At the combine, more than 100 draft-eligible hockey players from around the world will be taped, stretched, clamped, weighed, tested and analyzed to determine their draft worthiness.
The V02 max test measures oxygen efficiency and a person's aerobic capacity. Dumoulin said the bike test will be one of the most grueling tests at the combine.
"You have a 10-minute break in between bike tests and then you jump on another bike for the V02 test," said Dumoulin, who will play at Boston College in the fall. "You pedal and pedal, and it's awful. I've heard about guys passing out, or throwing up or dry heaving after it.
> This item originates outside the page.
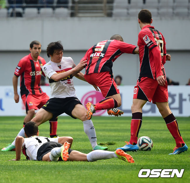 20일 오후 서울 월드컵 경기장에서 열린 ‘현대오일뱅크 K리그 클래식 2014’ 9라운드 FC 서울과 포항 스틸러스의 경기, 전반 포항 김태수와 강수일이 차두리를 막아보려 하고 있다.

It goes for 10 to 12 minutes and you can't stop."
Here's a closer look at last year's NHL combine in Ottawa.
Here's another tidbit - Dumoulin and other college prospects can spend no more than 48 hours at the combine in order to maintain their amateur status. And while combine participants are given a hat, t-shirt and shorts to wear during the combine, they must pay a nominal fee for them. Otherwise, it would be considered a gift, a no-no by NCAA standards.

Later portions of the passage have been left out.